3. Manuel E. Gandarillas Rehabilitation Centre for the Blind is a day centre and residential home working with a range of ages from primary school aged children to older adults who are visually impaired.  The centre works on a one-to-one basis, providing support for clients to enable them live more independently, for example using guide sticks and reading and writing in Braille as well as providing home-work support, physical activities, craft workshops and music sessions. 

I'm going in now once a week on a Thursday 8am - 12noon working alongside Profe Maria in her Braille-based classes.  At the moment she is teaching me how to write in Braille and I am copying some texts out for her students.  I am hoping in time we will be able to do some Braille-based art projects too, following a similar storyboard, character design format as at CAICC and Infante.
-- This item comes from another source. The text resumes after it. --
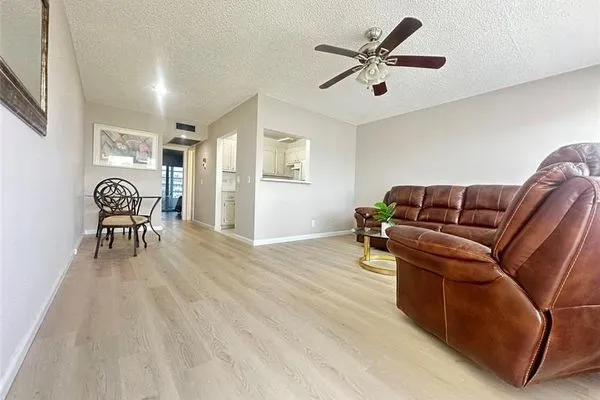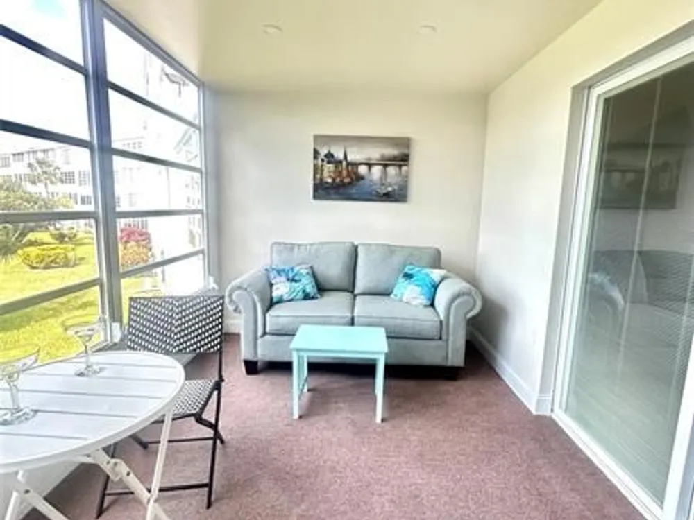 GORGEOUS WATER VIEW! This clean & bright 1 bed, 1 bath condo on the 2nd flr is priced right and READY FOR YOU to enjoy Florida living at its best! Features include new waterproof vinyl floors throughout, fresh paint, new sliding glass doors w/built-in blinds & smooth bedroom ceiling w/recessed lighting! Kitchen has white appliances (NO DOME), & the bathroom offers a tub/shower combo w/glass doors. Unit comes partially furnished—living room sofa & recliner are electric! Enjoy the stunning lake view from your 8 Ft. enclosed patio. Conveniently located near elevator & laundry! Well-maintained bldg. w/full reserves, BRAND NEW ROOF & 2 elevators! Resort-style 55+ gated community w/24-hr security, free bus, theatre, library, fitness center, billiards, pools, tennis, pickleball & MORE!

'El amigo' (The friend) written out in Braille during my second session of working alongside Profe Maria at Manuel E. Gandarillas where I'm currently copying out a book of short stories and sentences designed to teach a new-learner how to read Braille.

Spanish Braille is built from six dots - variations of the pattern of the dot mean that letters, numbers and punctuation marks are coded individually. My first week at Manuel E. Gandarillas I was writting using a plastic 'template' that you clip a sheet of paper into then use a metal spike to code the letters dot-by-dot.  This week I was using this type-writer. Each letter is typed with one hit of the keys.  The central key is the space bar, and points 1, 2, 3 count out from centre to left and 4, 5, 6 from centre to right.